Anastasia Lin, crowned Miss Canada in Vancouver in 2013, is anything but a typical beauty queen.  Actress, pianist, and compelling public speaker, she holds degrees in International Relations and Theatre Acting.  She is also one of the millions of students of Fa Lun Dafa.  One of Lin’s movie roles was based on the testimony of Fa Lun Gong members who survived torture in Chinese prisons, and narrowly escaped being harvested for their vital organs.  Preparing for the role by meeting them face-to-face, Lin was impressed by their courage in the face of “dark, old-school Communist way[s].”

Lin makes a compelling argument that money, and not virtue, has driven China policy in western nations. These form laissez-faire alliances with a super power that keeps its people in a state of mind far removed from the Beijing Spring of 1989.  Lin pleads that “we should all stop pretending that we are helping China reform… the Chinese government does this because the international community allows them to.  When threats and intimidation come, this is when we (can) show who are.”

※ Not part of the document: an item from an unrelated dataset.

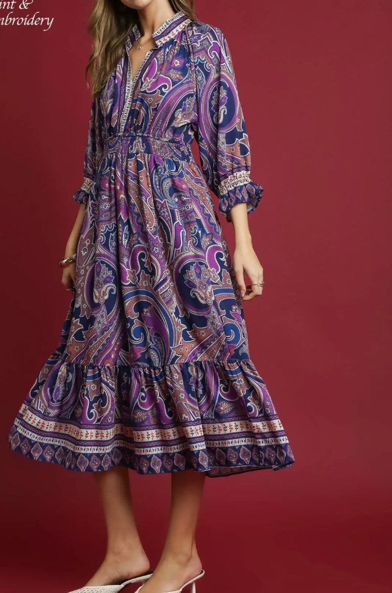 This purple mix paisley print midi dress combines classic charm with modern sophistication. The smocked waist provides a gentle, tailored fit that flatters your figure, while the flowing fabric offers comfortable movement. Ideal for elegant daytime events or refined evening outings, this dress exudes timeless style with a subtle, artistic flair.
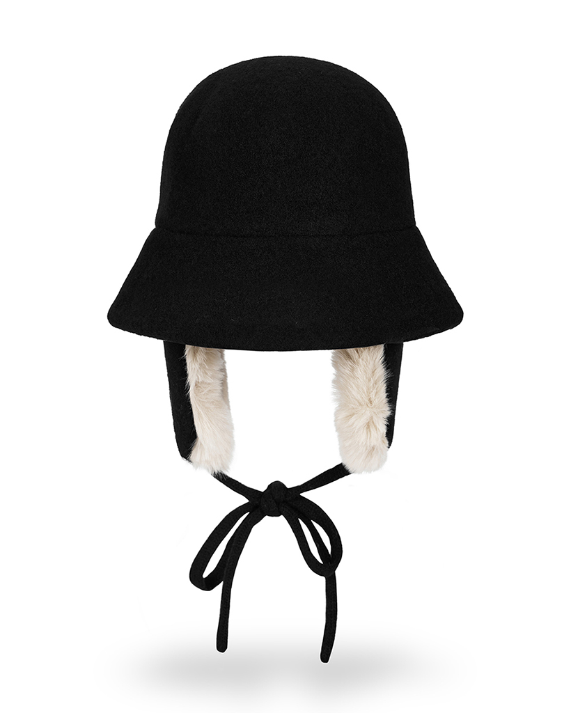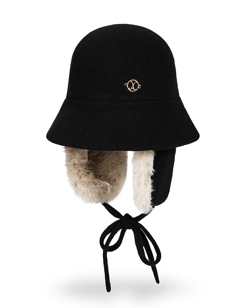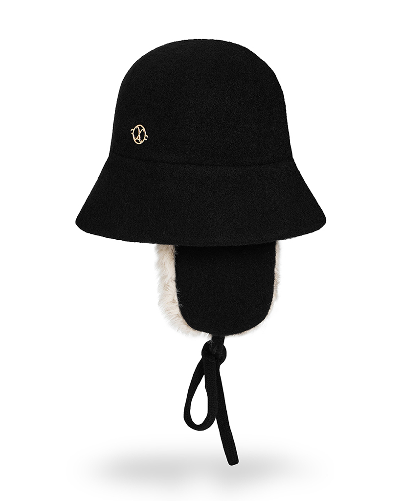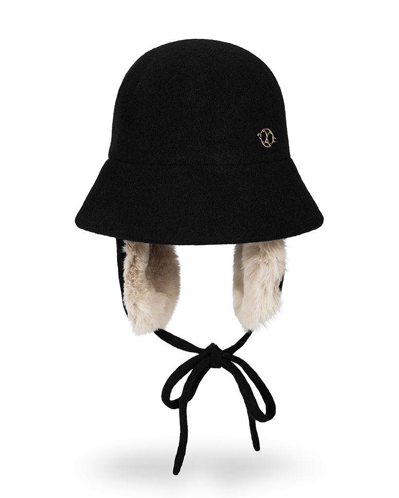 VA Curved Circle Logo Wool Blend Flap Bucket Hat Black

Today, Lin must constantly walk the tightrope of championing Human Rights for the Chinese people, while threats are made to her family members in the mainland.  She stands, as she says, with the Chinese people and begs the Communist Party to take up dialog.  She asserts that the government is not so much afraid of her, as they are their own people.

In their own way, these three heroes understand that individuals are the building blocks of any nation, and that when all individuals are truly free, a nation and the world achieves greatness.

Most remarkably, all three know that these are Human Rights issues which most people would prefer to simply ignore.  Eldridge Cleaver famously coined the idea that there is no room for neutrality; for if one is not part of the solution, one is part of the problem.  And this fearless concept is taken to heart by Grant, Kim, and Lin, who, in the face of all reasons to look another way, to rest on laurels, to just let it go, instead decide to forge ahead for a better future for all humankind.